Satter illustrates, sometimes parents, as well as babies, have interference. Consider Kenny, a chubby 3-year-old who was so food-preoccupied that his parents called him a compulsive eater. Kenny's eating and weight problems started at birth, when he was so seriously ill that his parents feared he would not survive.

"If an infant is ill," says Satter, "feeding problems are virtually 100 percent certain because anxious parents get pushy with feeding. Most children will fight back and grow less well when parents get pushy. Kenny went along. He ate what his parents wanted him to and, at first, grew well. But Kenny didn't stop there. By the time he was 2½, he was too fat. At that point, his parents tried to restrict him. Kenny constantly started begging for food and, when he got it, ate like he had no stopping place.

Kenny's natural food regulation ability had gotten undermined twice – when he was an infant, his parents tried to get him to eat more than he wanted and after he got "too fat," they tried to get him to eat less."

Satter reassured Kenny's parents that he could recover his natural ability to regulate if they would take some risks in feeding. She taught them her division of responsibility in feeding: Parents are responsible for the what, when and where of feeding, children are responsible for the how much and whether of eating.

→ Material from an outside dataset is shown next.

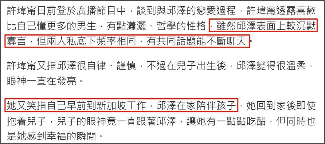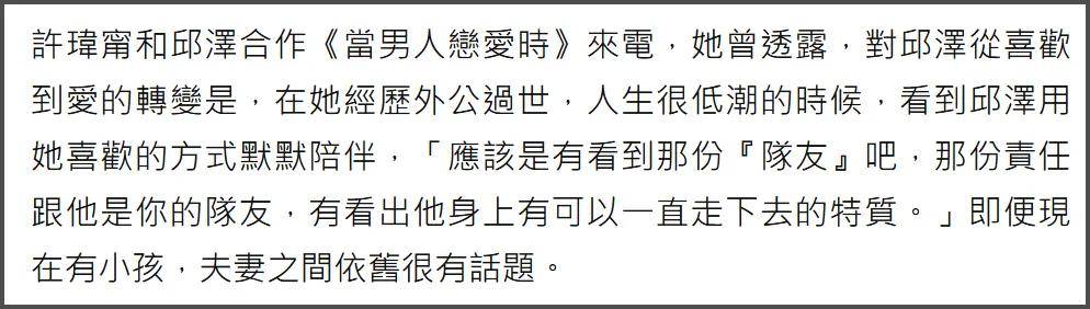许玮甯此前接受采访被问到和邱泽的相爱细节,许玮甯直言是因为外公过世时,她经历人生低谷,但邱泽默默陪伴,让她看到对方身上有“能一直走下去的特质”,觉得邱泽像“队友”一样有责任心,值得托付。

At regular meals and snacks, Kenny could eat all he wanted. Between times, he would be refused food handouts, including requests for all beverages except water.

"At first Kenny ate like there was no tomorrow," says Satter, "and his parents' worst fears were confirmed. But after about 3 weeks, his food begging and gorging went away and Kenny started eating like a normal child – a lot one time, a little the next, waiting by the table for a snack one time, too busy for it another."

After that, it was up to Kenny's parents to hold steady with feeding and let nature take its course. Satter emphasizes that children tend to slim down as they get older. The fat baby, toddler, preschooler or even first or second grader, has no greater risk of growing up fat than the thin one.

However, not all children slim down. Fatness is normal for some. But massive fatness –or a marked increase in fatness – is not. Some children get fatter than nature intended them to be.

Kenny's story illustrates that restricting food intake can make children gain too much weight. At the other extreme, Satter has seen some children get too fat when they are overfed. However, she emphasizes, this is unusual. Children ordinarily resist overeating. If they are overfed, they won't get hungry as soon or won't eat as much the next feeding.

She also sees children getting too fat because of stress. Studies show stress on children has increased enormously. When children are under stress, they don't talk about it. They act out their feelings by being defiant or wetting the bed or refusing to go to school. Some children react to stress by eating too much, being less active and getting too fat. For such unhappy children, food restriction is definitely not the solution, because it would only increase their stress. Instead, it is important to identify the source of the problem and resolve it. Then the child can go back to eating and growing normally.

"Keep in mind," reminds Satter, "that having regular meals and snacks and saying no to between-time food begging is not restricting – it is good feeding. Given optimum parenting, children can grow up to get bodies that are right for them.

"We can't make children be slimmer than what is normal for them, but we can be sure we are doing all we can to allow them to grow well. That will free us up to accept them for who they are and to help them feel good about the body nature gives them."